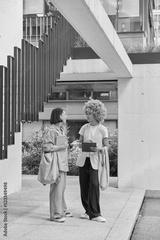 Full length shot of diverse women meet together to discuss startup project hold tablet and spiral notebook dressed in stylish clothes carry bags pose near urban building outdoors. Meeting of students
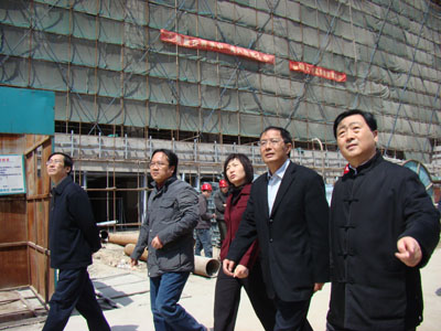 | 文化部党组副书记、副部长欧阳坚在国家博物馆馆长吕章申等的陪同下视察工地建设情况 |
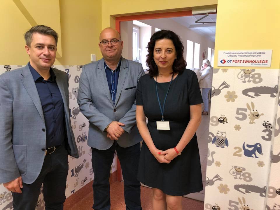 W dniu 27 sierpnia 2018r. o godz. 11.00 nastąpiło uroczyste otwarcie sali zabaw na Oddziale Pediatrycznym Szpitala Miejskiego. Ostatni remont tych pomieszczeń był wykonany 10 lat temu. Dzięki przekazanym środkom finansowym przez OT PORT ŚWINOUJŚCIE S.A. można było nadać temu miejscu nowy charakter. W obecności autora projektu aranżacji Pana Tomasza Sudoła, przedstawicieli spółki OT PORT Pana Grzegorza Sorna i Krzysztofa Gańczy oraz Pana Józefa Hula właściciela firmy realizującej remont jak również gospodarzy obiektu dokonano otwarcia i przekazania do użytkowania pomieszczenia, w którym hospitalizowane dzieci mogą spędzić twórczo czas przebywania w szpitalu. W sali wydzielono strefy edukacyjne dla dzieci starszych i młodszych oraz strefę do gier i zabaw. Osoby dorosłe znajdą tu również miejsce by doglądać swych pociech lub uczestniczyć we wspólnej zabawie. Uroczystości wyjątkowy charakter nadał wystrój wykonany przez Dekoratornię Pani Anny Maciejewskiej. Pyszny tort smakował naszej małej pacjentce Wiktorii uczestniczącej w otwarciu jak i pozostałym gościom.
════════
The answer should match the data above word for word, with no pictures in it.

ANSWER FOR THIS EXERCISE
 Full length shot of diverse women meet together to discuss startup project hold tablet and spiral notebook dressed in stylish clothes carry bags pose near urban building outdoors. Meeting of students
 | 文化部党组副书记、副部长欧阳坚在国家博物馆馆长吕章申等的陪同下视察工地建设情况 |
 W dniu 27 sierpnia 2018r. o godz. 11.00 nastąpiło uroczyste otwarcie sali zabaw na Oddziale Pediatrycznym Szpitala Miejskiego. Ostatni remont tych pomieszczeń był wykonany 10 lat temu. Dzięki przekazanym środkom finansowym przez OT PORT ŚWINOUJŚCIE S.A. można było nadać temu miejscu nowy charakter. W obecności autora projektu aranżacji Pana Tomasza Sudoła, przedstawicieli spółki OT PORT Pana Grzegorza Sorna i Krzysztofa Gańczy oraz Pana Józefa Hula właściciela firmy realizującej remont jak również gospodarzy obiektu dokonano otwarcia i przekazania do użytkowania pomieszczenia, w którym hospitalizowane dzieci mogą spędzić twórczo czas przebywania w szpitalu. W sali wydzielono strefy edukacyjne dla dzieci starszych i młodszych oraz strefę do gier i zabaw. Osoby dorosłe znajdą tu również miejsce by doglądać swych pociech lub uczestniczyć we wspólnej zabawie. Uroczystości wyjątkowy charakter nadał wystrój wykonany przez Dekoratornię Pani Anny Maciejewskiej. Pyszny tort smakował naszej małej pacjentce Wiktorii uczestniczącej w otwarciu jak i pozostałym gościom.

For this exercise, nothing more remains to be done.